Quando esta tirinha foi publicada na página do Armandinho, algumas pessoas disseram que os médicos iam sentir-se ofendidos.
Na verdade, quando vi a ilustração pela primeira vez, fiquei na dúvida se seria realmente dirigida aos médicos ou a todos aqueles que se auto proclamam "doutores" com base em... sei lá. É que se ganhou um amor muito grande àquele "Dr-zinho" que vem antes do nome. Perderam-se os títulos da nobreza e veio o Dr. para os substituir - o ser humano gosta muito de se sentir distinguido (não exactamente por aquilo que faz, mas antes pelo estatuto que tem ou que faz crer que tem).
Por isso, hoje em dia, quase todos somos doutores de alguma coisa. Às vezes, basta estarmos sentados atrás de uma secretária, mesmo que não façamos nada durante todo o dia, e já somos doutores. Não é fabuloso? Como vamos então distinguir os verdadeiros doutores dos doutores auto-proclamados? Fácil. Os verdadeiros doutores nunca exigem ser tratados como tal; são, na maioria das vezes, pessoas realmente simples que sabem que o seu valor está naquilo que são e naquilo com que contribuem para o Mundo, portanto, não necessitam ganhar visibilidade exigindo aos outros que os tratem de certa maneira.

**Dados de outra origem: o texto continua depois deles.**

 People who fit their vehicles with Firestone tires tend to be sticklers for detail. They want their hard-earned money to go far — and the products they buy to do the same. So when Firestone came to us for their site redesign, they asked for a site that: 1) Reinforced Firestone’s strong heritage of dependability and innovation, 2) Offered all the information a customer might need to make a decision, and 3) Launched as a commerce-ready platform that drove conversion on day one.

Os doutores auto-proclamados não têm nada que sustente o seu Dr; a vida não plantou neles um ego satisfatório, pelo que é necessário colmatar essa lacuna. Além disso, aparentemente, não têm nada que faça crer aos demais que sejam doutores então, uma vez que o Dr. não é proferido espontaneamente, é preciso pedir (com um tom autoritário para mascarar a imploração) que os tratem como tal. E às vezes, as pessoas até se esquecem desse pormenor porque, enfim, não há nenhum aspecto que lhes recorde que aquela pessoa possa mesmo ser diferente, e mais uma vez, o doutor auto-proclamado, reaviva a memória com um "António, não; Doutor António".
Porquê? Não sabemos.
Mas reparem, este costume matarroano que ganhámos de nos afeiçoarmos a um Dr. em vez de gostarmos ser tratados pelo nosso nome, cada vez tem menos razão de ser. Quando o varredor na rua (sem qualquer intenção de desvalorizar a profissão) for tratado por doutor, os doutores auto-proclamados vão continuar a querer serem tratados por Dr.? Acreditam mesmo que um Dr. faz de alguém uma pessoa melhor e mais amada?

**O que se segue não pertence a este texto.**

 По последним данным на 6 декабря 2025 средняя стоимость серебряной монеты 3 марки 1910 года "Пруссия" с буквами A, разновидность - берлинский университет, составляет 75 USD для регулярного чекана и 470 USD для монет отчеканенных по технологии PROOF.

E já agora, para que serve o Dr.? Dá descontos no Cartão Continente?...
Inté*
23 comentários:
Somos um país de Doutores!... Em contexto profissional tratam-me com alguma frequência por doutora e faço sempre questão de pedir que não o façam. Não sou médica nem fiz ainda o doutoramento, por isso dispenso bem. Mas há tanta gente que adooooooooora ser doutor!...
"Tás-te" a esquecer dos engenheiros e arquitetos.
Já uma vez escrevi que as pessoas deviam nascer reformadas e só começarem a trabalhar aos 65 anos e só deviam ser batizadas depois de saírem da faculdade, para poderem incluir o grau académico no nome. ahahah
Estamos quase como no Brasil, onde há mais coronéis que soldados!...
Agora a sério:este costume deplorável ainda se torna mais notório na província.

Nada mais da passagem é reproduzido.